Evaluation and Rules

Challenge Tracks

For the 1st BEHAVIOR-1K Challenge, We will have the following two tracks for the 1st challenge:

Standard track: Participants are restricted to using the state observations we provided in the demonstration dataset for their policy models.
- RGB + depth + segmentation (semantic, instance, instance id) + proprioception information (Note that robot global poses are NOT allowed)
- No object state
Privileged information track: Participants are allowed to query the simulator for any privileged information, such as target object poses, full-scene point cloud (Note: point cloud obtained from on-board vision sensor (e.g. estimated through rgbd) is fine for stanford track), robot global poses, etc, and use such information for the policy models.

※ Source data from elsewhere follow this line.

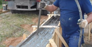 - Le béton est coulé en couches simultanément sur tout le périmètre. S'il est nécessaire d'arrêter le bétonnage jusqu'au lendemain, une réduction progressive de l'espace de béton est effectuée, un joint vertical-vertical n'est pas autorisé.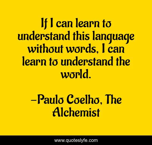 This page presents the quote "If I can learn to understand this language without words, I can learn to understand the world.". Author of this quote is Paulo Coelho, The Alchemist. .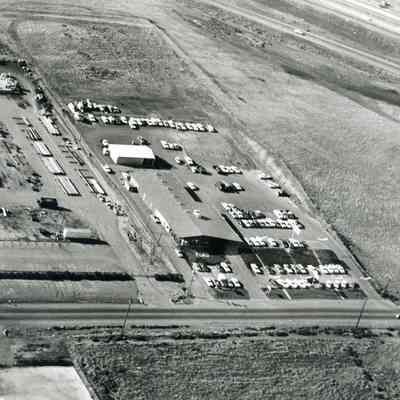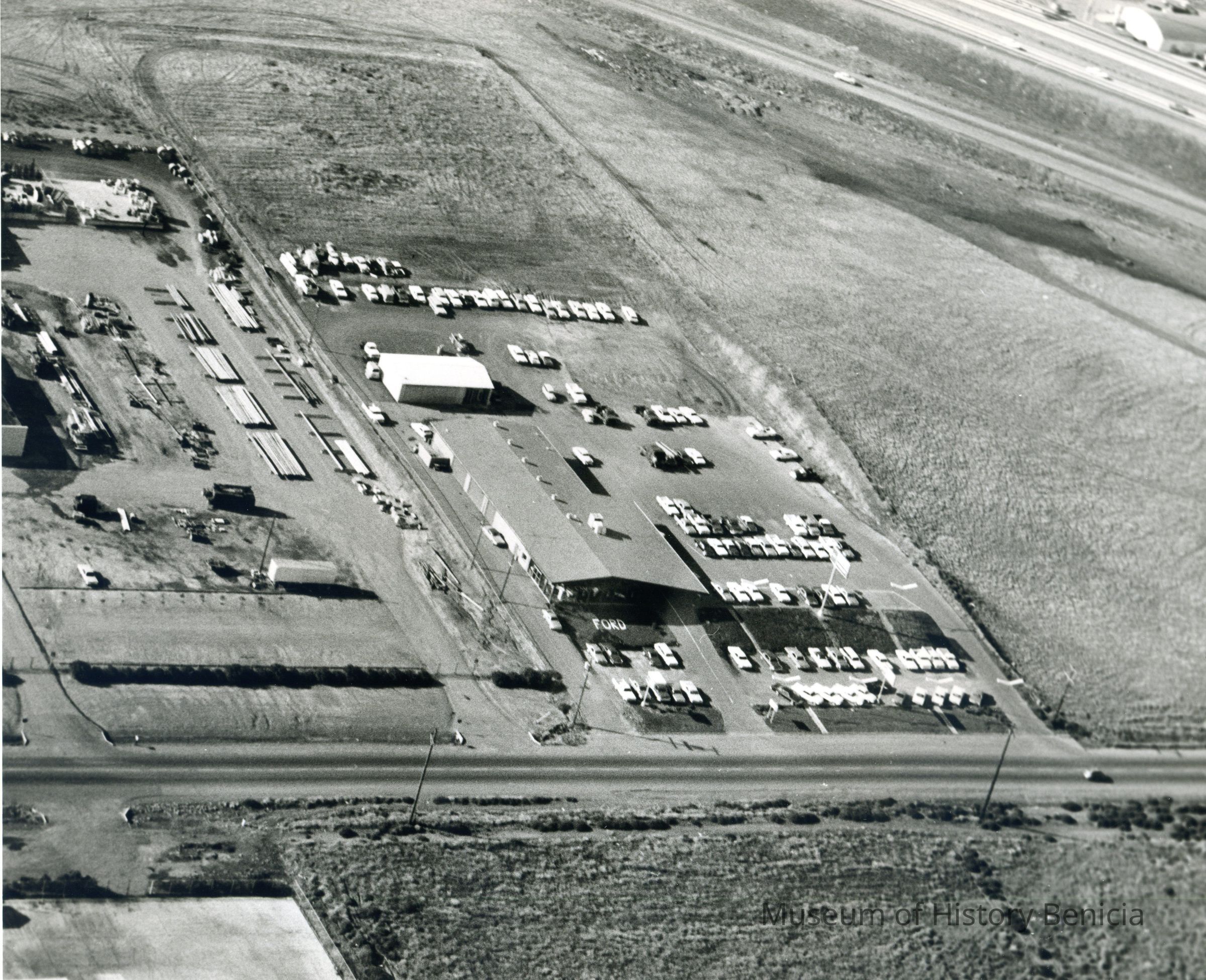 B/W aerial photo, envelope identified as "Dick Lewis Ford, Peabody Road, Vacaville", shows auto dealership, cars, buildings, surrounding fieldsCollection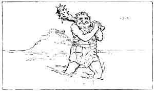 In those days the Mount of Cornwall was kept by a huge giant named Cormoran. He was eighteen feet in height and about three yards round the waist, of a fierce and grim countenance, the terror of all the neighbouring towns and villages. He lived in a cave in the midst of the Mount, and whenever he wanted food he would wade over to the mainland, where he would furnish himself with whatever came in his way. Everybody at his approach ran out of their houses, while he seized on their cattle, making nothing of carrying half a dozen oxen on his back at a time; and as for their sheep and hogs, he would tie them round his waist like a bunch of tallow-dips. He had done this for many years, so that all Cornwall was in despair.

For both tracks, you are allowed to use privileged information during training (e.g. other observation modalities, task info, etc.), so long as you are not using them during standard track evaluation. BDDL task definitions can be used for both tracks and are identical during evaluation. You may also collect additional data yourself (via teleoperation, RL, scripted policies, etc.) for both tracks. However, you may not collect data on evaluation instances, as these are reserved for testing the generalization capability of your submitted policy.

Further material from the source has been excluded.